2.0 Some Specific Technical Changes

Concurrent Ruby 1.0 has been very successful, but we made some mistakes along the way. We had a few ideas that didn't work out as well as we had hoped. We discovered that some features were more trouble than they were worth. And we gained a better understanding of what our users want. Based on this learning we will make several specific changes while designing and building 2.0.

Remove the Dereferenceable module: This was an experiment in mimicking the immutability of functional languages. It added complexity and didn't solve the problem. We're simply going to remove it and deprecate its features.
No autoload: We adopted autoload from two separate gems that we merged in. It worked much better in those smaller, more focussed gems. We won't use autoload in 2.0.
Explicit require: Creating one file with a bunch of require statements for loading the entire gem was problematic in 1.0. Because we eat our own dog food we ran into issues with the load order. In 2.0 every file will explicitly require every file it depends on. This is one case where will be non-idiomatic and instead mimic Java and C#.
Require only what is necessary: Many of our biggest users only need a small portion of concurrent-ruby. Being forced to require the entire gem imposes an unnecessary and unwanted memory and load-time dependency. Users should be able to load only the parts that they need.
No global config: Allowing users to change the global configuration was a mistake. In a large project where multiple gems all depend on concurrent-ruby, changing the global config can cause serious side effects. In 2.0 we will remove the ability to change the global configuration. We will support dependency injection and inversion of control instead when necessary.
One global thread pool: Creating a "fast" thread pool and an "io" thread pool was a mistake. The "fast" thread pool is of no value on MRI ruby. It's inclusion has caused confusion with our users while providing no benefit. For convenience we will still provide a factory method to create a thread pool with these characteristics, but that's it. We'll have one and only one global thread pool that is optimized for Concurrent I/O operations and it will be the default thread pool for everything. We will remove all convenience features for the "fast" vs. "io" thread pools, remove all methods which explicitly use the "fast" thread pool, and rename the global "io" pool to simply the "global thread pool" or "global executor".

Remove the Dereferenceable module: 👍 Obligation and Observable could be removed over time as well.
No autoload: 👍 We should test requiring of c-r parts which are intended for it.
Explicit require 👎 This will be quite hard to maintain for each file. There are no tools to maintain or to test it. Could we rather have a list of files which can be required standalone for each abstraction, internal files of a given abstraction could not be required by users and they would not require all dependencies (that would be done in the top file of the given abstraction).
Require only what is necessary: 👍 We definitely need that for our users.
- I'll have look if we can prevent/warn users form requiring files which are not meant for it.
No global config: 👍
One global thread pool: 👍 for the io pool becoming the global pool, its name, and it being the default one. Yeah the names are not explanatory, it's suppose to be pool for nonblocking tasks and for blocking tasks, which is hard to pick names for. I would just shift it to the advanced part of the API, not removing it completely though. :fast could be renamed to :noio though.
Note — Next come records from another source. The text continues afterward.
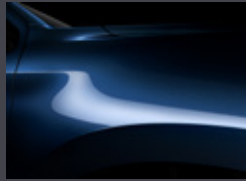
Gun Blue Metallic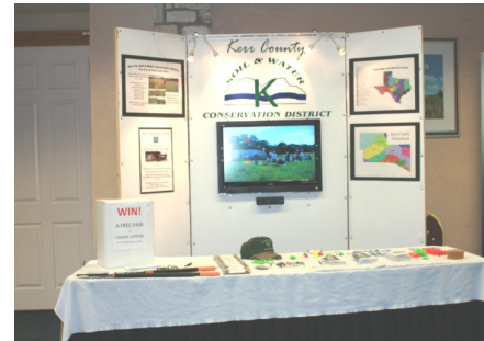
The District's newly constructed promotional booth made it's debut at the TSGRA meeting.

Goodies from the SWCD, as well as from TSSWCB were given away. A slide show of recent pictures of the SWCD's activities were shown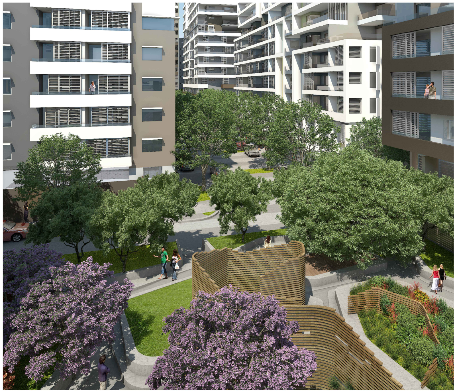
9 INTERNAL VIEW LOOKING SOUTH EAST NTS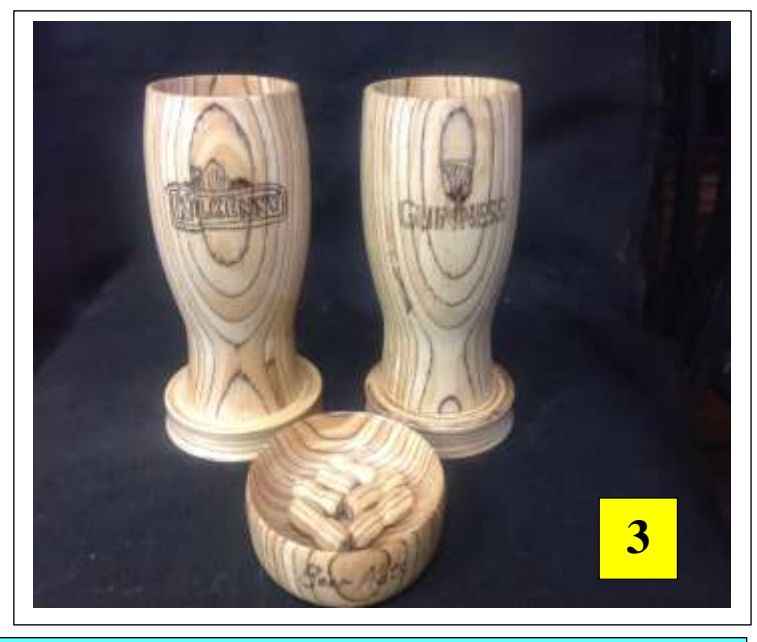
The LAMINATED WOOD project closes on 31st May. How is your contribution progressing?

If completed already, do hand it in for photographing. Start a second one if you wish.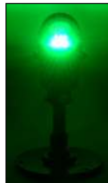
CLEAR LENS BUT GREEN LIGHT PRODUCED COLOR CODED LED BOARD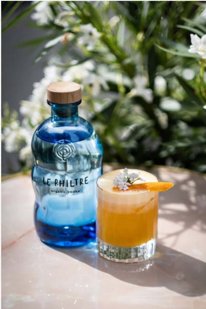
Le Philtre – Cognac Region France – Organic Vodka - 70cl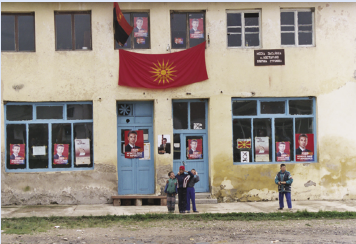
Children pose before a Macedonian polling center in the district of Strumica.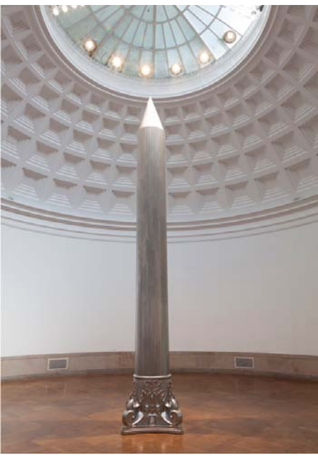
Alien Space Ship: The Latest in Pillar-Builder Space Travel, Ellen Harvey, 2013. Aluminum. 23 feet.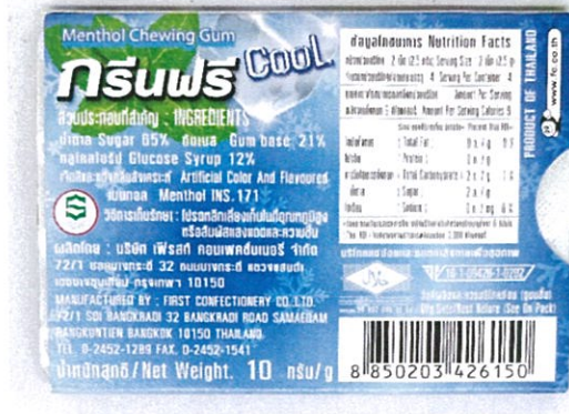
Figure 4. Unregistered GREENFREE Menthol Chewing Gum

I would add following points:

Namespace:
- Paths are matching constant names
- Concurrent space is clean as possible
- Abstractions should have its methods in its namespace not leaking to Concurrent namespace
Documentation:
- All constants not part of the API are private
- Whole public API is documented.
- For transition, method part of the API without documentation will be clearly marked as public but with pending documentation.
- non-API methods are private/protected if possible.
- all documents in doc and examples are reachable from documentation
- We should start use http://gnuu.org/2010/06/26/yard-object-oriented-diffing/ for changelogs and to see that nothing was removed on minor releases.
- We could experiment with https://github.com/dkubb/yardstick
Align APIs: atomics API, check thread safe that it matches rest of the gem
Extra files: clean up/organise doc/examples/benchmarks
Synchronisation layer: Migrate rest of the abstractions, remove (or improve) internal LockableObject
Cancellation: We need a good story for cancellation, the future PR has a good candidate for cooperative cancelation which can be used with any abstraction.
Throttling: We need mechanisms for throttling non-blocking concurrency or to provide backpressure for blocking.
Development: in master, no branches, we keep just adding features and deprecating old until major release.

Thanks Jerry, I appreciate the discussion.

I agree that Observable can be removed.
We can remove the Obligation module but not the API contract. This speaks directly to our Consistency principle. I created the Obligation module to ensure that all "future" classes presented a common API. It was successful at that. Now that I've created numerous shared specs we can enforce that consistency in other ways. We also have better documentation and a better common understanding, which also help.
Explicit require: This is non-negotiable. If every file explicitly requires the things it needs, then each file only needs to require the top-level needs. It also keeps the require statements closest to the place they are used. This is significantly easier than maintaining a separate set of files solely to manage requires. I've enforced this rule on teams I've managed at places I've worked and it's never been difficult for professionals. It just requires a little discipline and diligence on the part of the programmer. The vast majority of the files in the project already meet this requirement. I know this because I added those require statements myself in preparation for the 1.0 release.
Require only what is necessary: This is handled automatically by having all files explicitly require their dependencies.
One global thread pool: We will not retain the global 'fast' pool. Any user with enough concurrency knowledge to understand its use will be capable of using the factory method.
Namespace: Good suggestion. I will update my post with my thoughts on this later.
Documentation: Good suggestion. I will update my post with my thoughts on this later.
Align APIs: That's been covered by Consistency in the guiding principals post. I will post specific API documents as I write them.
Extra files: Good suggestion. I will update my post with my thoughts on this later.
Synchronisation layer: Good suggestion. I will update my post with my thoughts on this later.
Cancellation: This is not a high priority. It can be added after 2.0 is released.
Throttling: This is not a high priority. It can be added after 2.0 is released.
Branching, deprecation, merging, etc.: Agree 100% that we need a set of guiding rules. I will post more on this topic later. We need to be in agreement on other topics first. We can worry about source control issues later.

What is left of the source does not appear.